遡(さかのぼ)ること八年まえ、長浜城にて秀吉・秀長兄弟はある吉日、母者の“なか”から、双子の存在をきかされたのである。

「それにしても、ようも探しだしたもんじゃと、先日来、ほとほと感心していたところじゃ」

ゆくえ知れずとなっていた双子の弟を、しかも秘密裏に見つけだした草の者のはたらきに、身内おもいの秀吉は、感動すらしたのである。

やがての初面談のとき、長浜城主の立場になった兄として、不遇だった弟の手をとり、涙目で破顔したのだった。感激屋の姿そのままに。

ところでこの時代、双子をともに育てるということは、まずありえなかった。犬や猫のごとき畜生のようだ(畜生腹)と、忌み嫌われたからだ。片方は、間引かれるか里子にだされたのである。

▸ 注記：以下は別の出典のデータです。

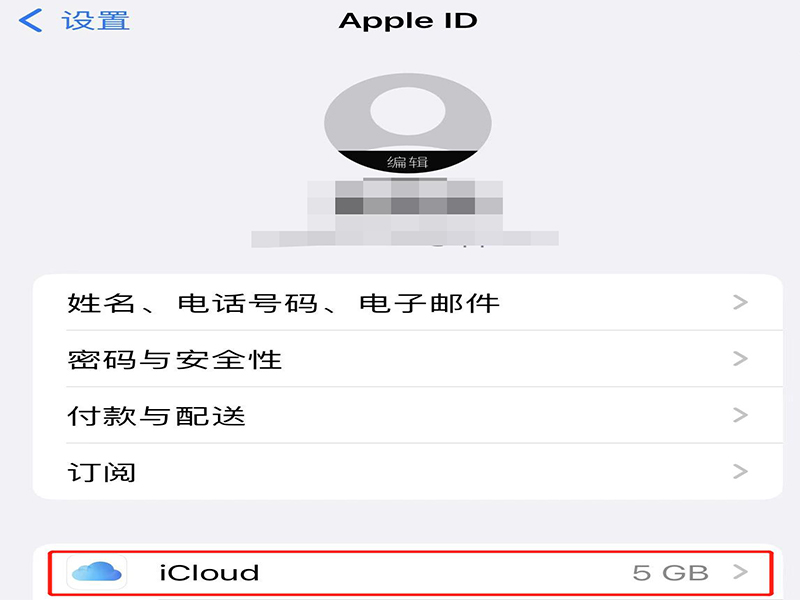 2、点击“icloud”,进入icloud空间设置页面。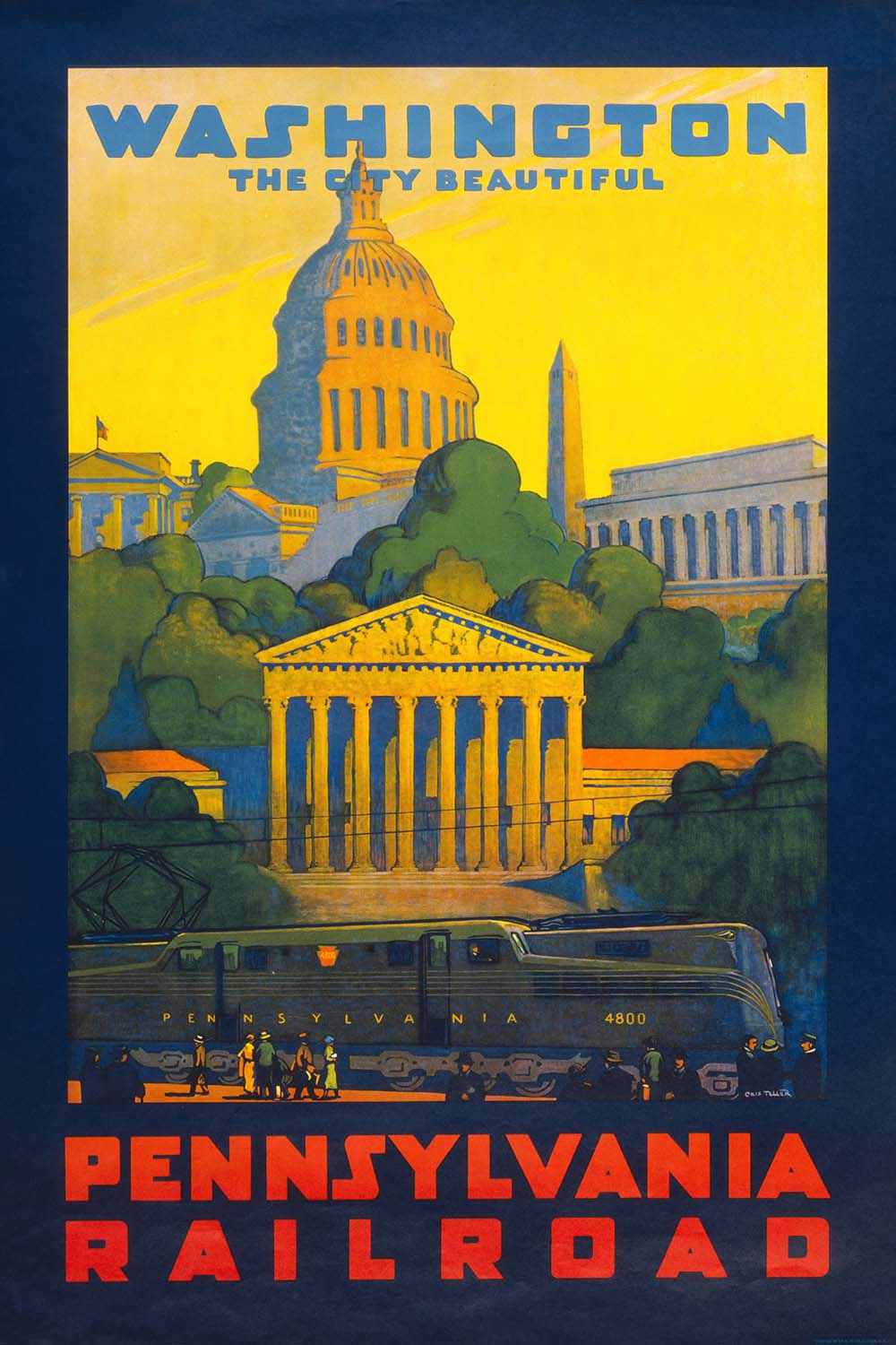 Why this subject matters: Washington, D.C. was—and remains—a quintessential destination for American travelers, and in 1940 the Pennsylvania Railroad made reaching the capital both efficient and glamorous. This poster acknowledges the city’s “City Beautiful” planning legacy by spotlighting its axial grandeur: the Capitol’s commanding dome, the dignified mass of the Lincoln Memorial, and the sweep of green that ties the monuments together. It evokes national pride and the romance of arrival at Union Station, where civic spectacle meets the energy of modern transport.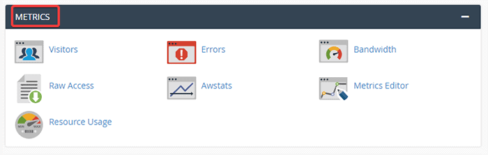 Die letzte erwähnenswerte Sache über cPanel ist der Abschnitt „ Metriken “. Dieser Abschnitt gibt Ihnen einen Einblick in alle Daten und Statistiken zu Ihrer Website, einschließlich Ihres Serverstatus, der Anzahl der Besucher und des allgemeinen Zustands der Website.
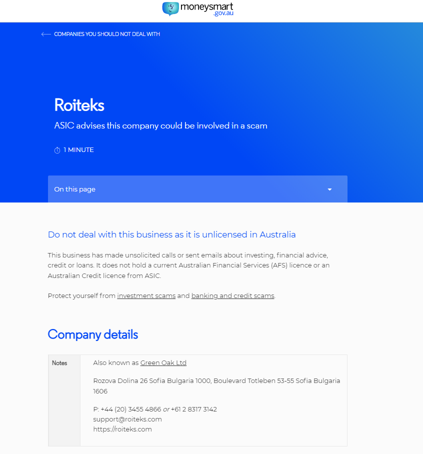 ROITEKSasic сообщает, что эта компания может быть замешана в мошенничестве. Время чтения страницы: 1 минута на этой странице. Не занимайтесь этим бизнесом, поскольку он не имеет лицензии в Австралии. у него нет действующей австралийской лицензии на финансовые услуги (afs) или австралийской кредитной лицензии от asic. защитить себя от инвестиционного мошенничества и банковского и кредитного мошенничества. заметки о компании, также известные как Green Oak LTD розовая долина 26 софия болгария 1000, бульвар тотлебен 53-55 софия болгария 1606 тел: +44 (20) 3455 4866 или +61 2 8317 3142 support@ ROITEKS .com https:// ROITEKS .com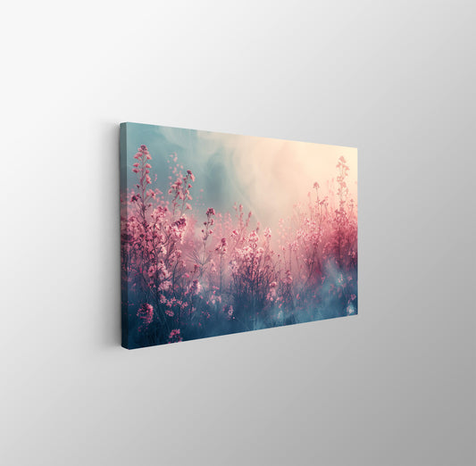Tablou Canvas camp pastel cu flori roz sub cer senin | The Print Studio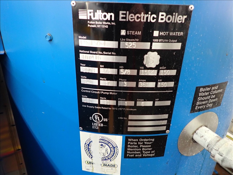 ELECTRIC STEAM BOILER, 525LBS/HR, 150KW, 240V, 3PH, S/N: 107416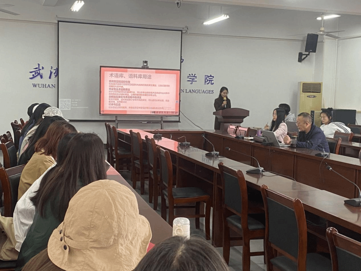 祁妙言同学首先分享语料库知识,讲解涵盖术语库、语料库用途介绍和实际应用案例,详细介绍了linguee、联合国术语库、术语在线等资源,还以二笔真题展示linguee术语库使用方法,并分享自身翻译实践中利用这些术语库的经验。张敏同学做了题为“新质生产力视域下中国服饰文化翻译对外传播路径研究”的报告,从研究背景、服饰文化对外传播、四维度探究、三业态传播到结语,全面展现其研究视角与深度。刘志豪同学从备考教材、经验、社会实事、经济贸易等专题分析,分享CATTI二笔实务备考心得。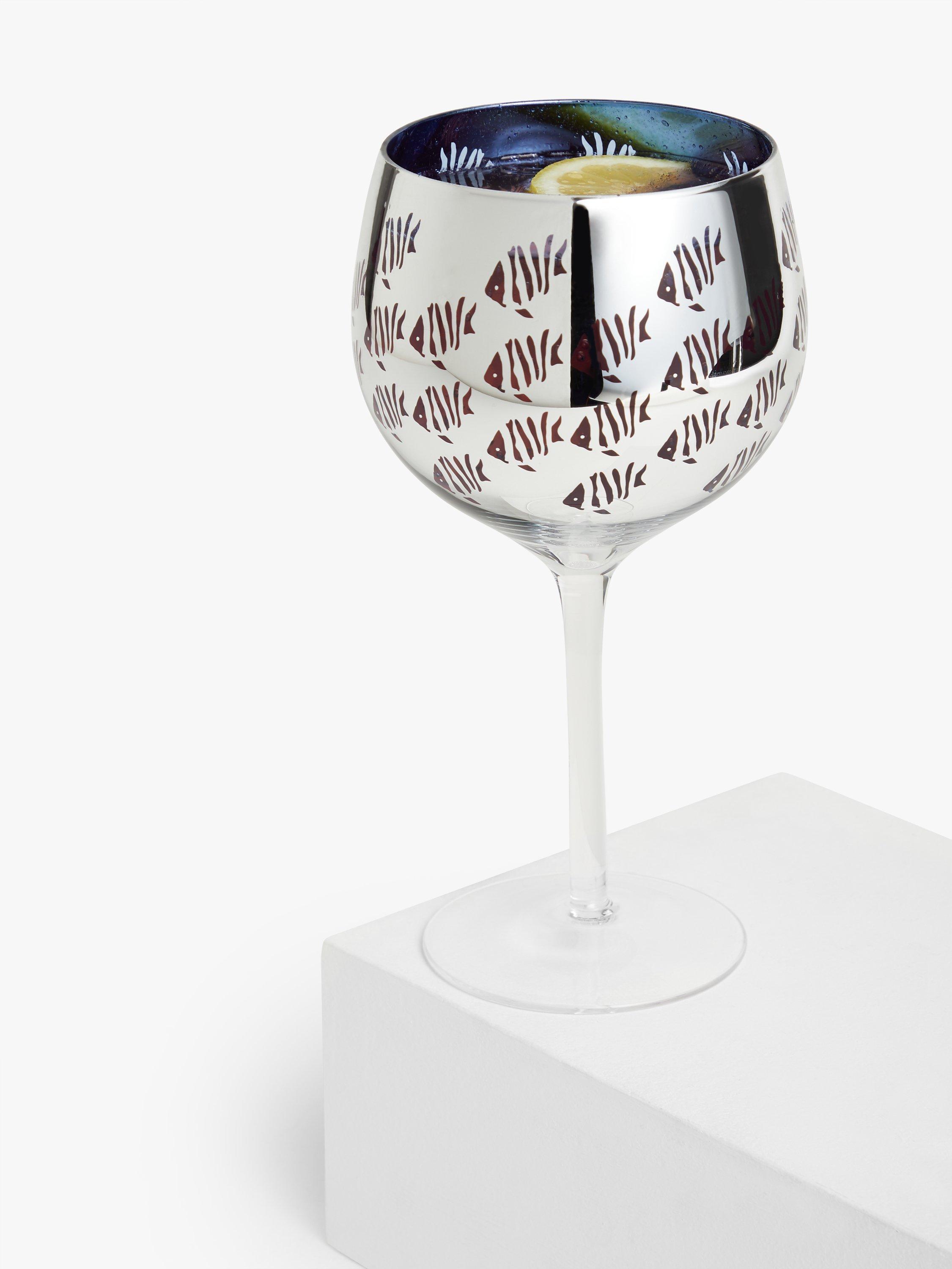 Decorated with a shimmering fish motif, this glass is made for gin-based cocktails. The wide bowl allows gin, mixers and citrus garnish to blend together, while the long stem prevents the hand from warming up the chilled drink. This design has a hint of blue with electroplated metallic detailing that beautifully catches the light.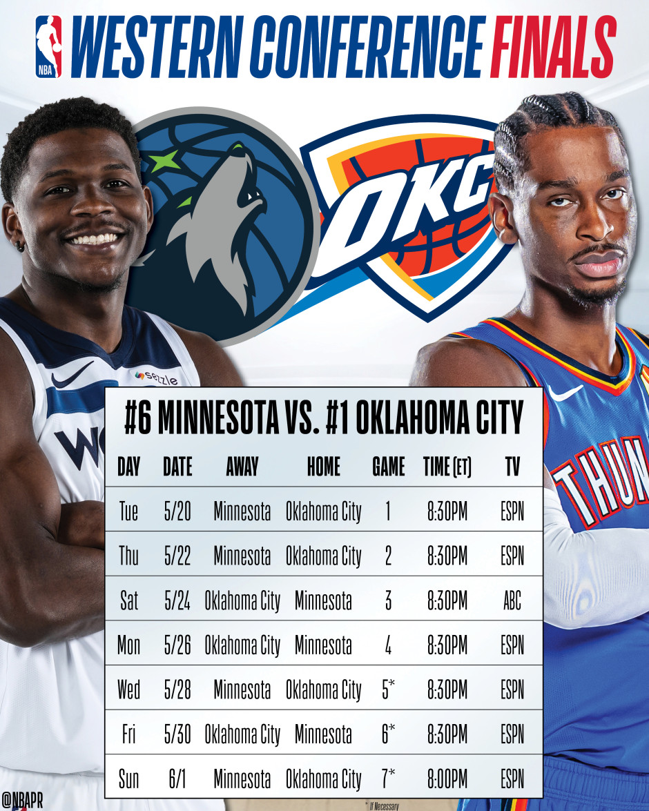 NBA新王登基在即!西部巅峰对决上演超级后卫之战,亚历山大与爱德华兹将用爆炸得分能力书写传奇,雷霆74%晋级概率能否碾压森林狼?拭目以待这场火星撞地球的较量。下面给大家分享2025NBA西决赛程时间表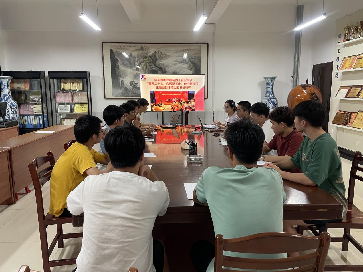 近日,安徽省“喜迎二十大、永远跟党走、奋进新征程”主题团日活动在合肥举行,省委书记郑栅洁出席活动并讲话。9999js金沙老品牌于6月11日晚于机械楼302组织学习贯彻郑栅洁同志的讲话精神,活动由学院团委书记费白露主持,学院团员代表参加了学习。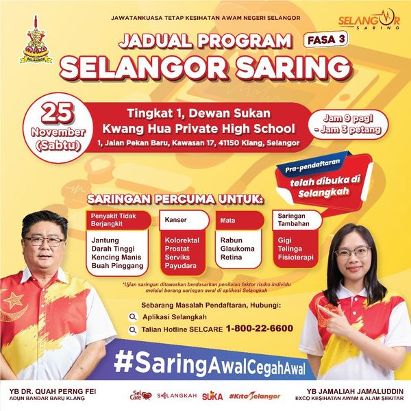 雪兰莪州公共卫生、环境、气候变化及绿色科技行政议员嘉玛丽雅指出,这活动于上午9时至下午12时,在巴生光华独中举行。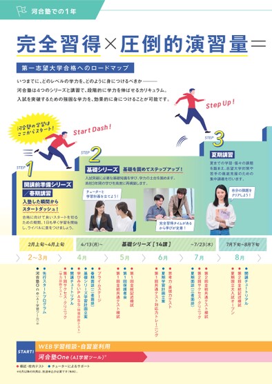 完全習得×圧倒的演習量=第一志望大学合格へのロードマップいつまでに、どのレベルの学力を、どのように身につけるべきか―河合塾は4つのシリーズと講習で、段階的に学力を伸ばせるカリキュラム。入試を突破するための強固な学力を、効果的に身につけることが可能です。STEP22基礎シリーズ基礎を固めてステップアップ!入試突破に必要な基礎知識を学び、学力の土台を固めます。高校3年間の学びを高度に再構築します。チューターと学習計画を立てよう!STEP11開講前準備シリーズ/春期講習入塾した瞬間からスタートダッシュ!STEP33夏期講習夏までの学習・個々の課題を踏まえ、志望大学対策や苦手の徹底克服のための集中講義を行います。自分の課題をクリアしよう!2月上旬〜4月上旬4/13(月)〜基礎シリーズ[14講]〜7/23(木)7月下旬〜8月下旬8月●開講チュートリアル●第2回全統記述模試●夏期国立大入試オープン7月●第2回全統共通テスト模試●第2回サクセス・クリニック●夏期面談(三者面談)6月●思考力・表現力テスト●夏期学習計画立案●第1回共通テスト対応力トレーニング5月●第1回全統記述模試●第1回保護者会●第1回全統共通テスト模試●プライムステージ●春期面談(二者面談)●基礎シリーズ学習計画立案●学びみらいPASS(特徴診断テスト)●開講チュートリアル●第1回サクセス・クリニック(学力診断テスト)●先行スタートプログラム●河合塾One(A学習ツール)※2〜3月4月合格に向けて良いスタートを切るための期間。1日も早く学習を開始し、ライバルに差をつけましょう。完全習得タイムがあるから学びが定着!START!WEB学習相談・自習室利用河合塾One(A学習ツール)※詳細は模試・校内テストチューターによるサポート※6月以降の利用は、別途申込が必要です(有料)。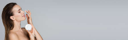 side view of smiling woman with closed eyes applying face cream isolated on grey, banner
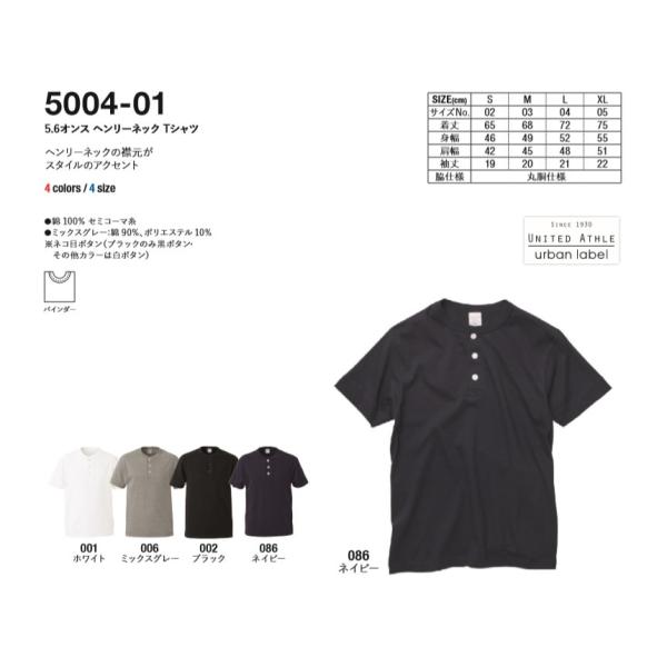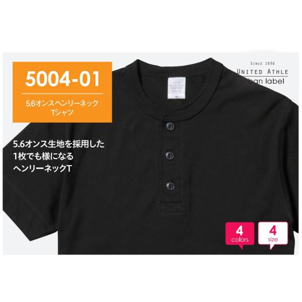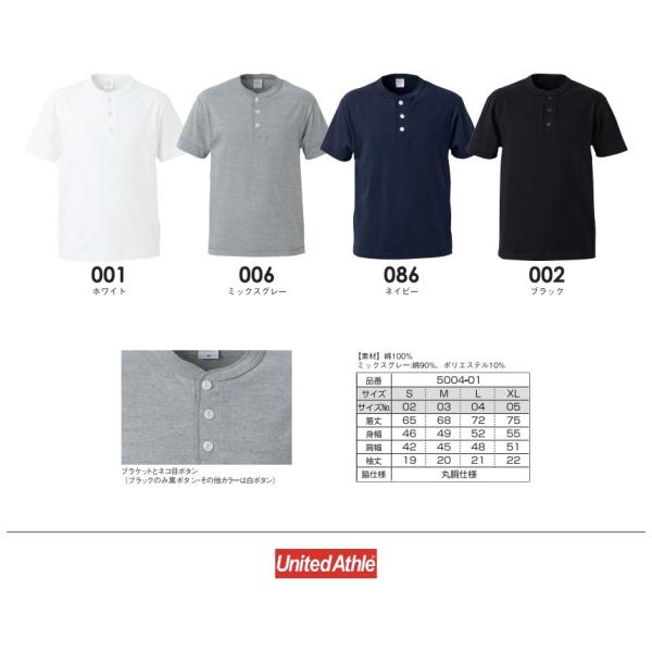 Tシャツ 半袖 メンズ 無地 ヘンリーネック UnitedAthle ユナイテッドアスレ 5.6オンス ヘンリーネックTシャツ ユニフォーム 5004-01 通販M15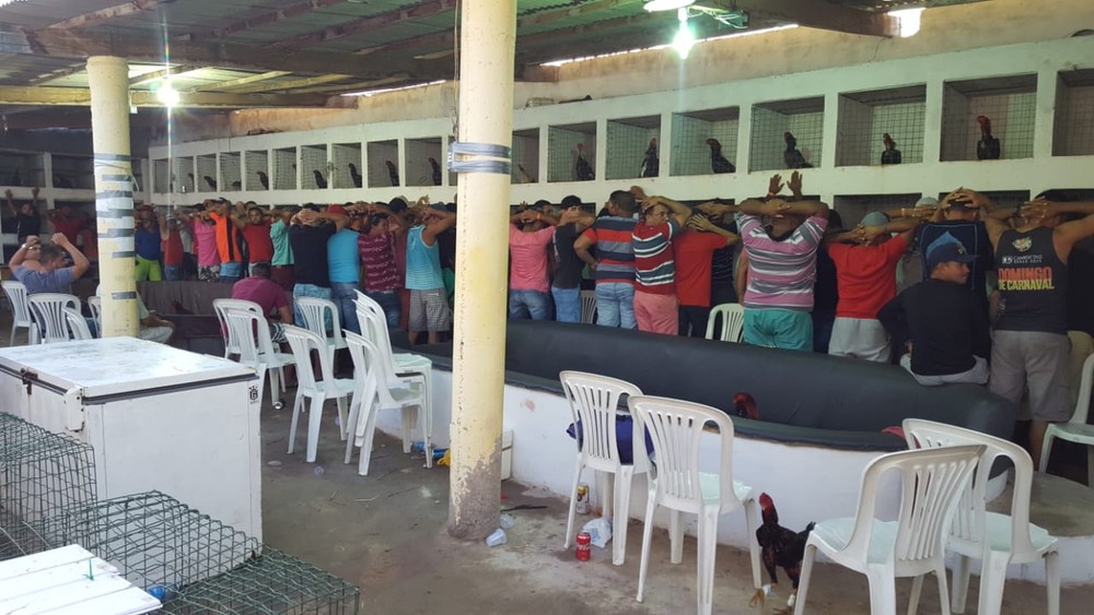 Uma ação conjunta das polícias Civil e Militar que aconteceu no sábado (27) resultou na detenção de mais de 90 pessoas que participavam de uma rinha de galo no município de Macau, na Costa Branca potiguar. No local, foram apreendidos 167 galos, ferramentas para realização de cirurgia nos animais e um caderno com anotações de apostas.

ことに武家や商家だと、相続問題を将来ひきおこすと、実利的にもきらっていたのだ。

ぎゃくに弟は、命を生み育てる水呑み百姓の子倅ゆえに、生命はだいじとて間引く非道はせず、引きとり手を捜したのであろう。

その、引きとってくれた里親はしかし、戦乱の世のあおりでいつしか、その行方がわからなくなってしまっていた。里親も貧農だったのだろう。

秀吉はさっそく、竹中半兵衛にめいじたのである。八方に忍びをおくりこみ、生きわかれた弟をひそかに探しだすようにと。

ちなみに官兵衛は、これほどの重大機密ではあったが、半兵衛から聞き知っていたのだ。

それほどの、ふたりは心友だったといっていい。それを証拠づける文献は見当たらないが、以下が、証拠といっていい。略記すると、

荒木村重謀反(有岡城の戦い)をしった信長は、翻意をうながす使者となった官兵衛が、いっこうに帰城せず、むろん報告もしないことで、ぎゃくに村重側についたと逆上し、官兵衛嫡男の松寿丸を殺せと命じた。

にもかかわらず半兵衛は、信長の眼からかくまいつづけた(これにも異説あり。いろんな歴史家がいるから…)のである。鬼の信長に逆らってまで。よって、それほどの仲だったのだ。

また、機密を共有してこその、織田家中における軍師仲でもあった。また必要性も無視できない。

さて、で、忍びにあたえた情報はというと、似顔絵と出生の年月日および出生地の当時の地名・里親の名やそのほか、生母なかがおぼえているかぎりのものであった。

家臣ではない忍びをつかったのは、秀吉の顔を見しらぬことが、その第一要因であった。

捜索対象者の素性や捜索目的をしらされていない以上、いくら情報通のかれらといえども、依頼者の意図を憶測することすらできないはずだと。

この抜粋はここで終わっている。